Abstract
The development of new, sensitive, and selective methods for pharmaceutical analysis is crucial for ensuring drug safety, efficacy, and quality by enabling precise detection and quantification of active pharmaceutical ingredients, impurities, and degradation products at trace levels. This thesis presents two spectrophotometric methods for the determination of omeprazole in pharmaceutical formulations based on the selective degradation of omeprazole.
The first method exploits the degradation of omeprazole under controlled conditions, followed by coupling of the degraded product with a diazotized compound (4-aminohippuric acid) to form a chromophoric complex. To establish a safe and environmentally friendly approach for the determination of omeprazole, all procedures were conducted at room temperature. Optimizations of degradation conditions and coupling reactions were thoroughly investigated, leading to a robust analytical technique with enhanced sensitivity and specificity. The resulting chromophoric complex exhibits a distinct absorbance peak at 410 nm, enabling accurate quantification of omeprazole concentration in the range of 1.6–56 mg/L and a determination coefficient of 0.9970 with relative standard deviations less than 0.9%, molar absorptivity 1.682×104 L/mol.cm, and Sandell’s sensitivity was 0.0205 μg/cm2. The proposed method was applied for the quantification of omeprazole in real samples with error values less than 3.0%. This method provides a reliable alternative for routine analysis of omeprazole in pharmaceutical formulations.

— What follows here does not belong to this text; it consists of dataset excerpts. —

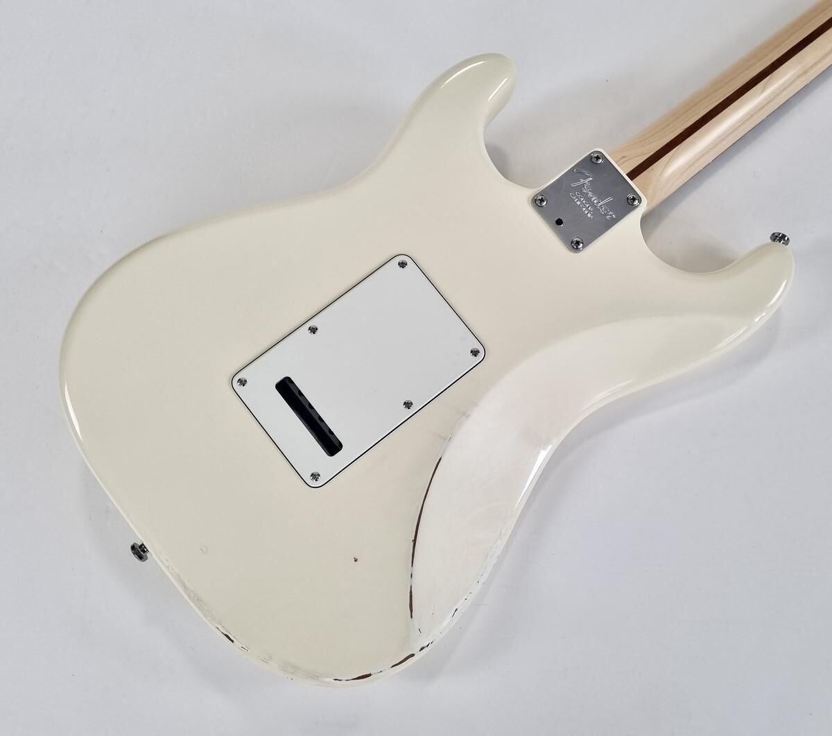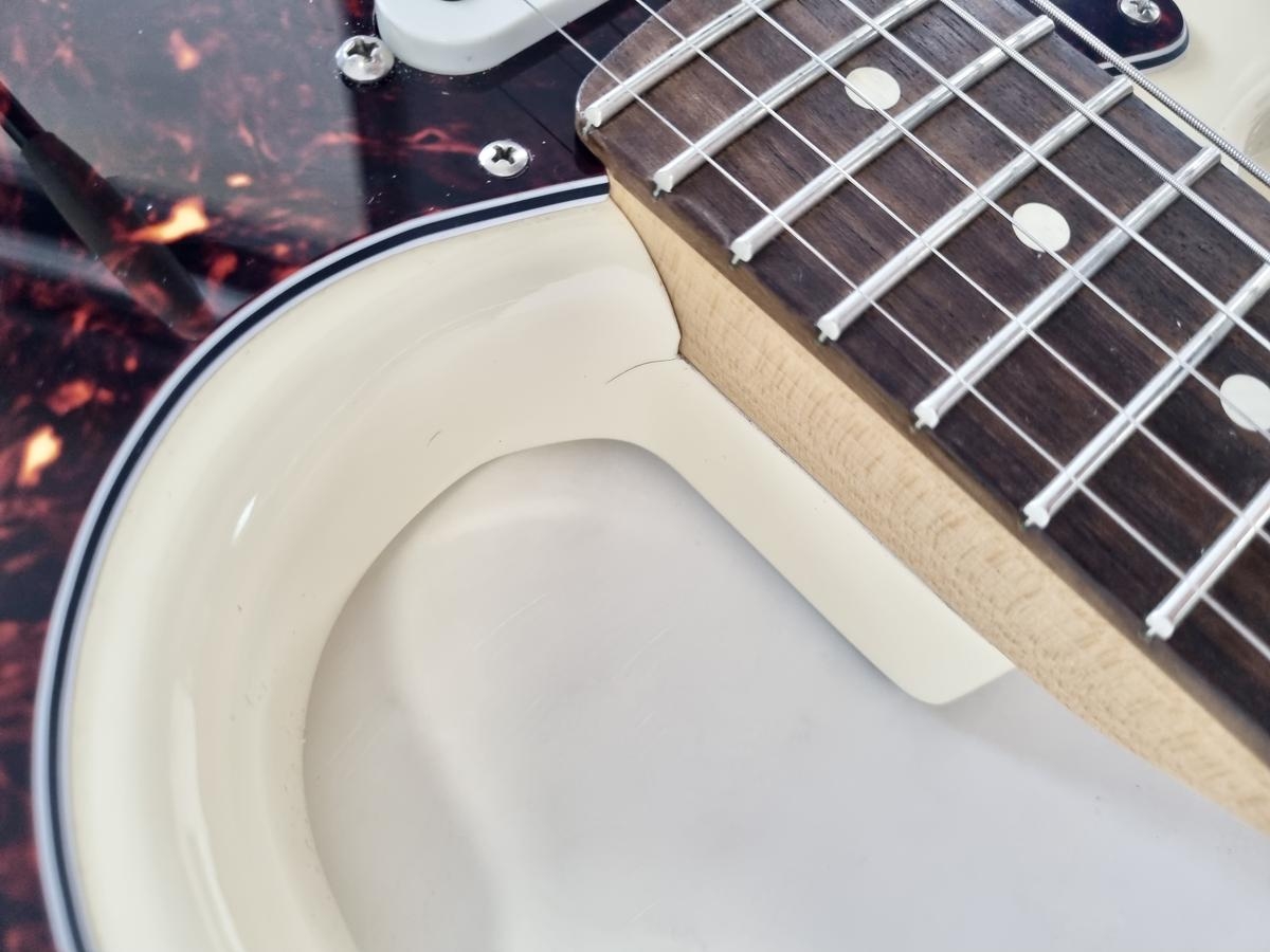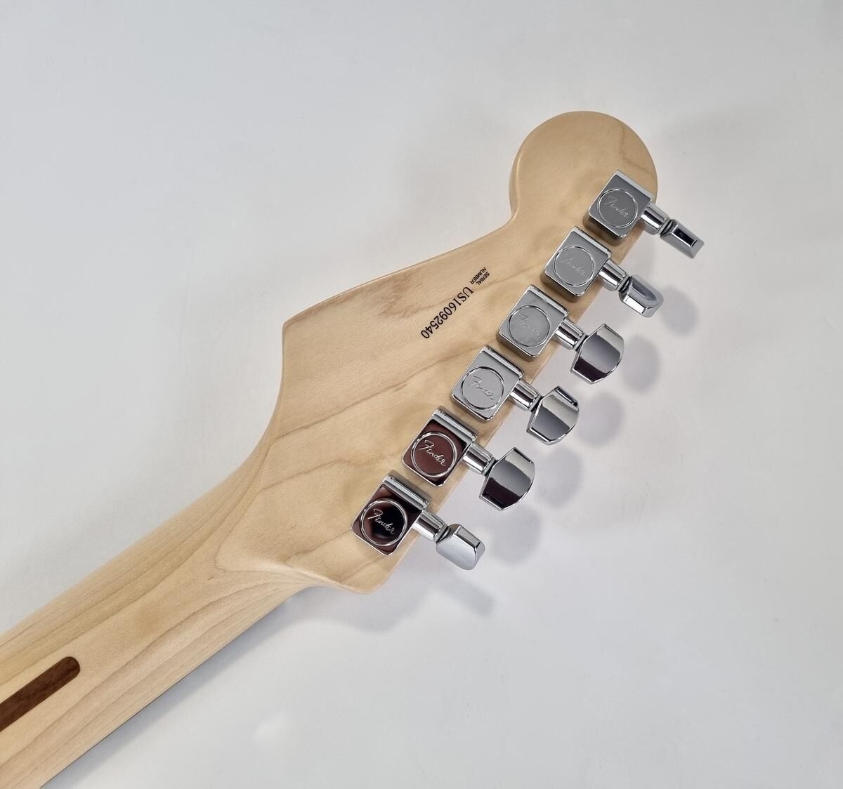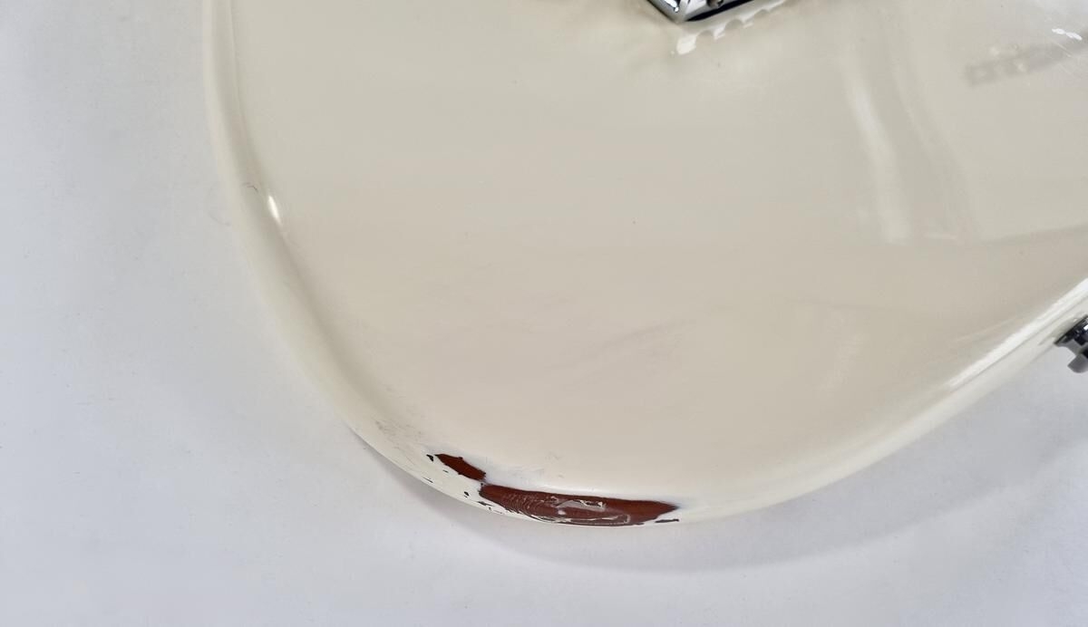 L’American Professional prend la succession de l’American Standard. Le manche au profil moderne deep C (entre C et U) avec touche palissandre offre 22 cases au lieu de 21. Sa configuration micro HSS avec un humbucker Shawbucker en chevalet la rend particulièrement polyvalente ! Les micros simples ont été remplacés par des modèles type vintage. Celle-ci a été relicée, vendue dans son étui d’origine.
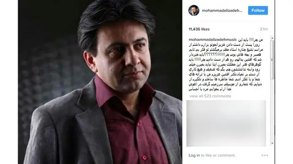 رکنا: محمد علیزاده در پی خبر درگذشت افشین یداللهی پستی را در اینستاگرام منتشر کرد.
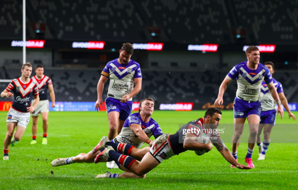 While Walker didn’t get the conversion, he deserved credit for the subliminal silkiness of this assist – possibly his best pass of the game, as he drew in Atoni and cleared up space for Ikuvalu in the same instant. In one sequence, Ikuvalu had taken the Roosters from end to end, cementing their dominance at both try lines, so this was a pretty emphatic closing statement for the visitors, even if they didn’t score another four-pointer over the next 26 minutes.
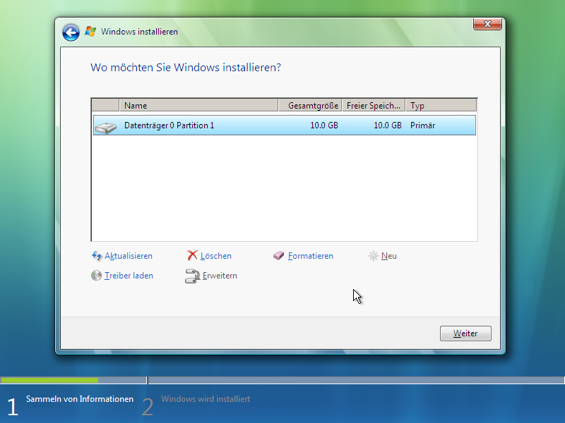 Installation von Windows Vista:
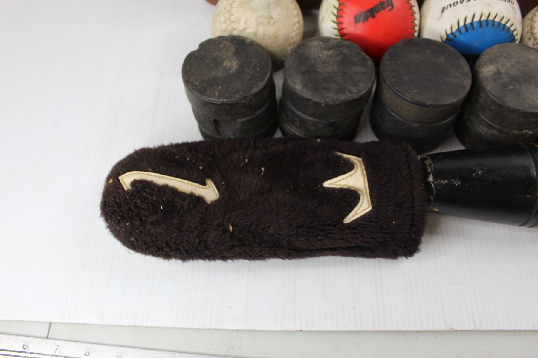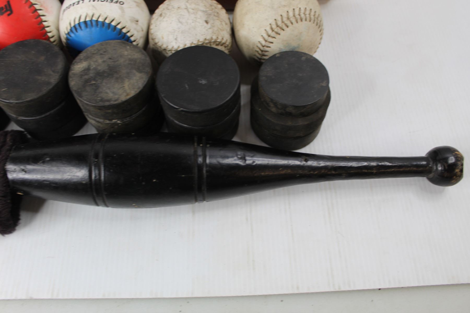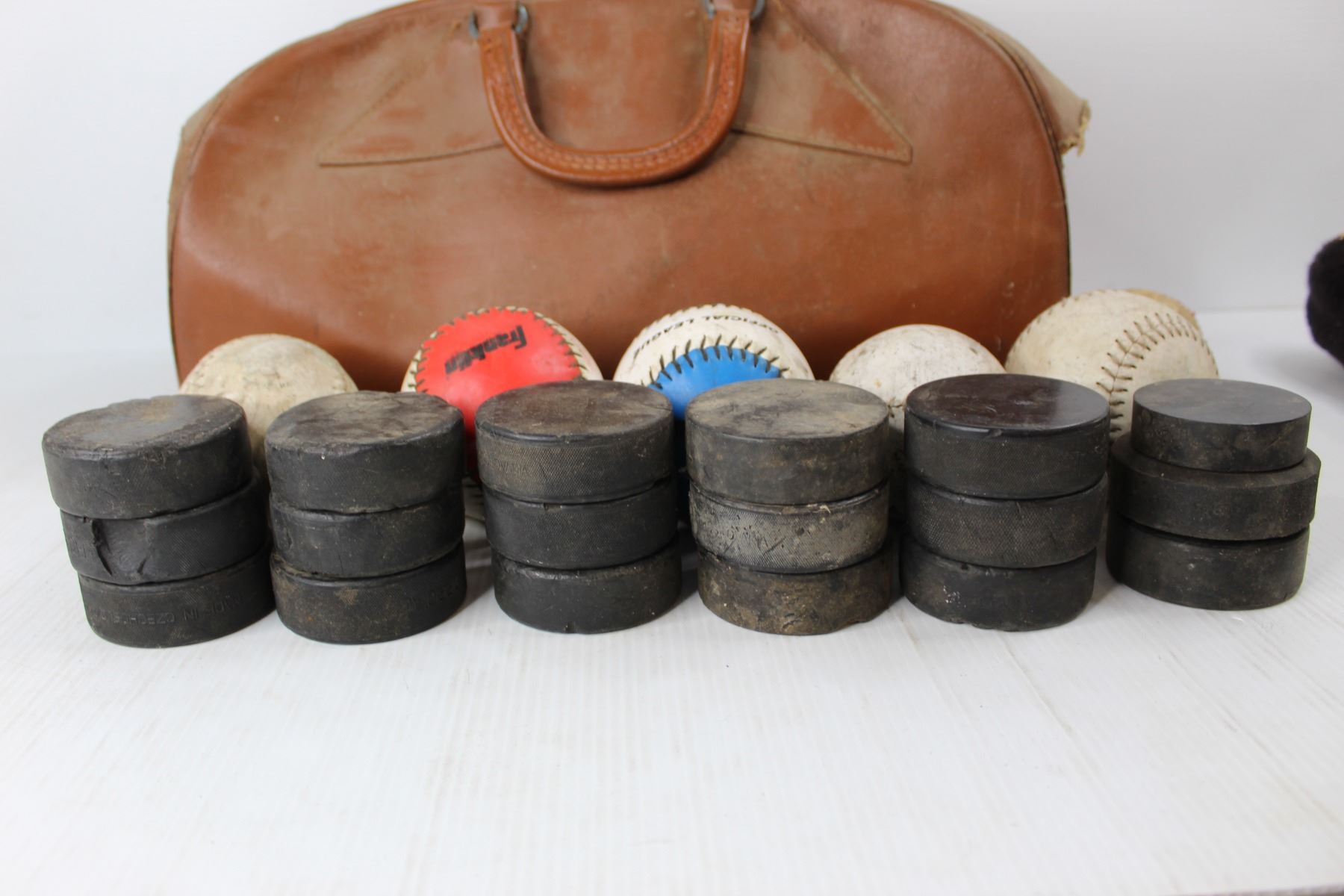 Vintage Leather Duffel Bag, (6) Baseball, Wooden Juggling Club/ Baton, Misc.

In the second method, magnesium oxide nanoparticles (MgO NPs) were synthesized via green synthesis using fig leaf extracts as the natural reducing agent. The characterized MgO NPs exhibited an average particle size of 24.3 nm and demonstrated dual functionality for photodegradation and selective spectrophotometric determination of omeprazole. Photocatalytic degradation of omeprazole using MgO NPs under UV irradiation produced an aromatic diamine intermediate, which was subsequently diazotized and coupled with phloroglucinol to form a spectrophotometrically detectable azo dye. The method showed excellent linearity over a 0.025-3.0 mg/L concentration range, with a high determination coefficient (0.9968). The method demonstrated superior sensitivity with a molar absorptivity of 7.62×10⁴ L/mol.cm, and Sandell’s sensitivity of 4.53 μg/cm². The limits of quantification and detection were 0.0772 mg/L and 0.025 mg/L, respectively. Validation studies have confirmed excellent precision and accuracy. The intra- and inter-day precisions showed RSD values of 2.08% and 1.21%, respectively. The recovery studies indicated high accuracy, with recovery percentages ranging from 95.33% to 99.20% across all tested concentrations. The suggested green synthesis approach provides an environmentally sustainable route for MgO NP production, while offering a highly sensitive, accurate, and precise analytical method for omeprazole determination, contributing significantly to green analytical chemistry practices.